Liputan6.com, Jakarta Peter Carey, seorang sejarawan asal Inggris yang dikenal luas di Indonesia, menghabiskan puluhan tahun meneliti Pangeran Diponegoro, sosok penting dalam sejarah Jawa.
Karya Carey yang mendetail mengungkap kisah perjuangan Diponegoro dan Perang Jawa (1825–1830), yang ia sampaikan dalam beberapa buku berpengaruh.

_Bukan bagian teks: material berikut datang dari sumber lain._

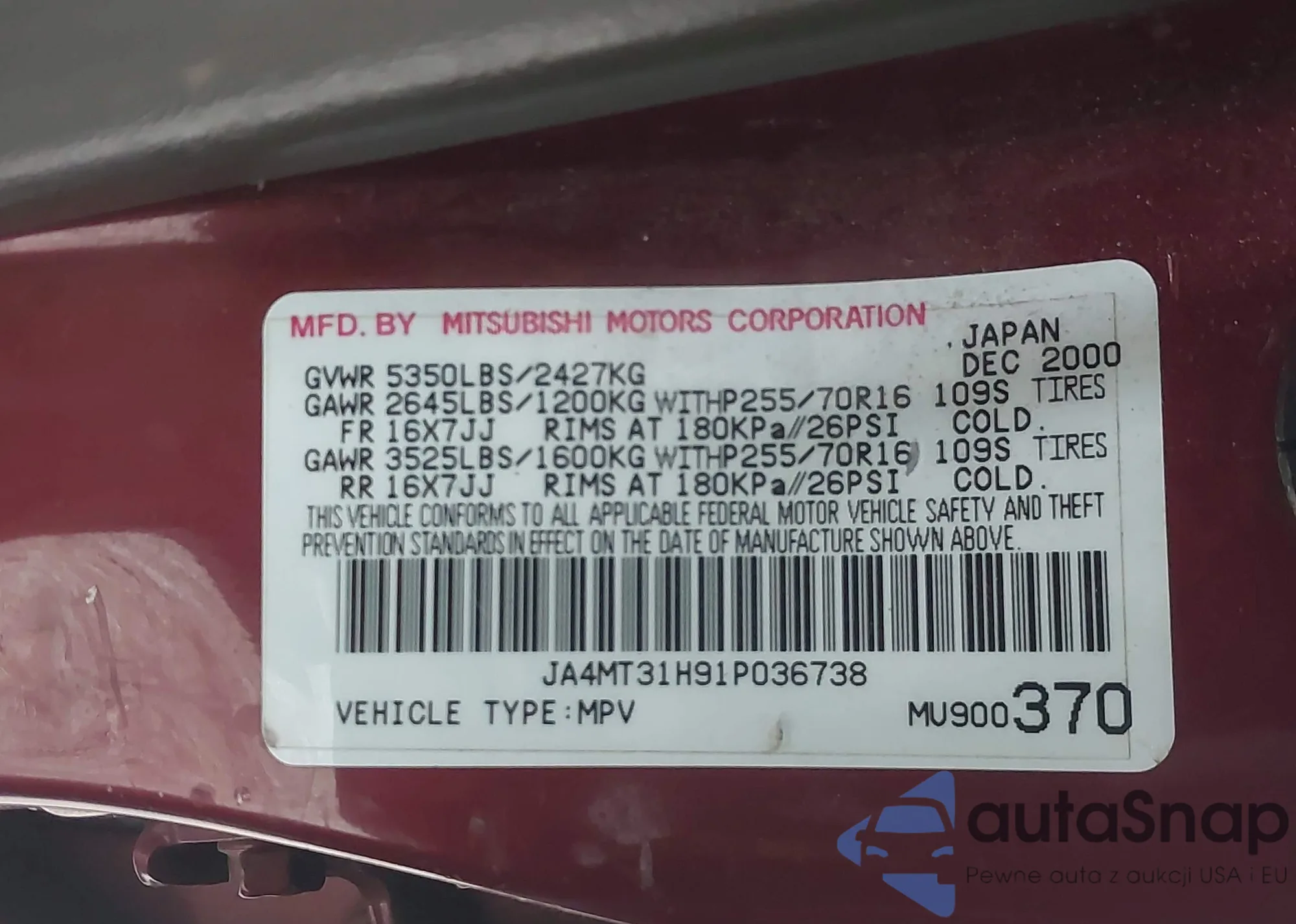 VIN: JA4MT31H91P036738

Tak hanya tertarik pada Diponegoro, Carey juga mendalami sejarah kolonialisme di Asia Tenggara, termasuk Burma dan Timor Timur, serta aktif dalam proyek kemanusiaan di Kamboja.
Advertisement
Kini, namanya tengah menjadi perbincangan hangat usai salah satu bukunya diduga diplagiat dosen Sejarah Fakultas Ilmu Budaya (FIB) Universitas Gadjah Mada (UGM).
Advertisement
Mengutip situs resmi ugm.ac.id, tuduhan plagiarisme dilakukan oleh Dosen Departemen Sejarah FIB UGM pada buku sejarah yang berjudul “Madiun: Sejarah Politik dan Transformasi Kepemerintahan dari Abad XIV ke Abad XXI” dan “Raden Rangga Prawiradirdja III Bupati Madiun 1796-1810: Sebuah Biografi Politik”, yang ditulis oleh Dr. Sri Margana, dkk. Beberapa bagian dari kedua buku tersebut diduga menyadur dari buku Kuasa Ramalan (2019) yang ditulis oleh Peter Carey.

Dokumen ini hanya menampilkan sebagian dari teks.